NODE-301: Etripamil fails to meet 5-hour supraventricular tachycardia conversion goal
Etripamil, a novel fast-acting calcium channel blocker administered via nasal spray, was not superior to placebo for conversion of paroxysmal supraventricular tachycardia to sinus rhythm at 5 hours, but bested placebo for short-term conversion, according to results of the NODE-301 trial.
As Healio previously reported, in the NODE-1 phase 2 study, etripamil (Milestone Pharmaceuticals) successfully converted between 65% and 95% of patients with paroxysmal supraventricular tachycardia (PSVT) within 15 minutes, depending on dose. Bruce S. Stambler, MD, FHRS, director of cardiac arrhythmia research and education at Piedmont Heart Institute, Atlanta, presented results of the phase 3 NODE-301 study at the virtual Heart Rhythm Society Annual Scientific Sessions.
“Etripamil, like other calcium channel blockers, slows atrioventricular nodal conduction,” Stambler said during a press conference. “The nasal spray in which it’s formulated is self-administered by patients during PSVT. It has a rapid onset of action and is short acting. Peak effects occur within 5 to 10 minutes, followed by a decline in effects over the next 30 to 45 minutes.”
In an efficacy population of 156 patients (mean age, 55 years; 37% men) with a history of ECG-documented episodes of PSVT of at least 20 minutes, the primary endpoint of time to conversion of an adjudicated PSVT episode up to 5 hours did not differ between those assigned etripamil 70 mg and those assigned placebo (HR = 1.086; 95% CI, 0.726-1.623), Stambler said during the press conference, noting that the 5-hour endpoint was chosen to optimize assessment of safety data.
He said censoring occurred more frequently in the placebo group than the etripamil group; censoring happened when a patient went to the ED for emergency treatment, usually adenosine.
However, he said, etripamil bested placebo in the outcome of time to conversion over 45 minutes (median, 25 minutes vs. 50 minutes; HR = 1.668; 95% CI, 1.026-2.712).

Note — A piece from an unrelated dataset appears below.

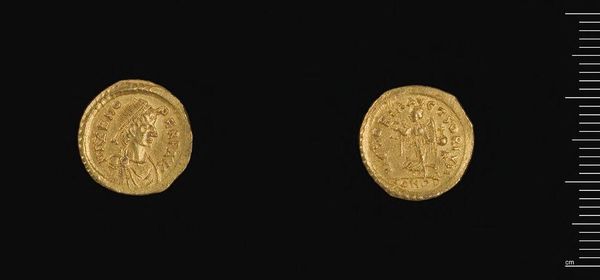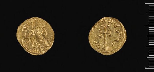 Editor: Here we have the semis of Heraclius by Abd-al-Malik, a small gold coin. The wear and tear really show its age and journey through different hands. As a material object, what can it tell us about its time? Curator: It speaks volumes! Look at the gold itself. Where did it come from? Who mined it? And consider the minting process—the labor, the tools, the technology. This coin represents power, certainly, but also a vast network of production and consumption. Editor: So, more than just currency, it’s a record of labor and resources? Curator: Precisely. The design, initially imitating Byzantine coinage, then evolving with Arabic script, shows a shift in power and cultural influence reflected in material culture. It’s a potent symbol of changing economies. Editor: It’s fascinating to consider something so small representing such complex systems. Curator: Absolutely. Examining the materiality allows us to question how art and craft intersect with labor and economic shifts.

“Early after study drug administration, treatment clearly favored etripamil over placebo, and therefore, based on the drug’s known pharmacology, a post hoc analysis was performed and demonstrated etripamil was significantly more effective than placebo in converting SVT over the first 45 minutes,” Stambler said.
The safety profile of etripamil was favorable, he said, noting that the most common adverse events were nasal discomfort (19.6%) and nasal congestion (8%), which were typically transient and mild.
“These results support continued development of etripamil nasal spray as a self-administered at-home therapy for termination of PSVT,” Stambler said during the press conference. “If successful, etripamil could change the treatment paradigm for acute management of PSVT.”
Etripamil is not yet approved for commercial use in the United States. – by Erik Swain
Stambler BS, et al. LBCT01-01. Presented at: Heart Rhythm Society Annual Scientific Sessions; May 6-9, 2020 (virtual meeting).
Disclosures: The trial was funded by Milestone Pharmaceuticals and conducted and coordinated by Medpace. Stambler reports he received honoraria, consultant fees and grants from Milestone Pharmaceuticals.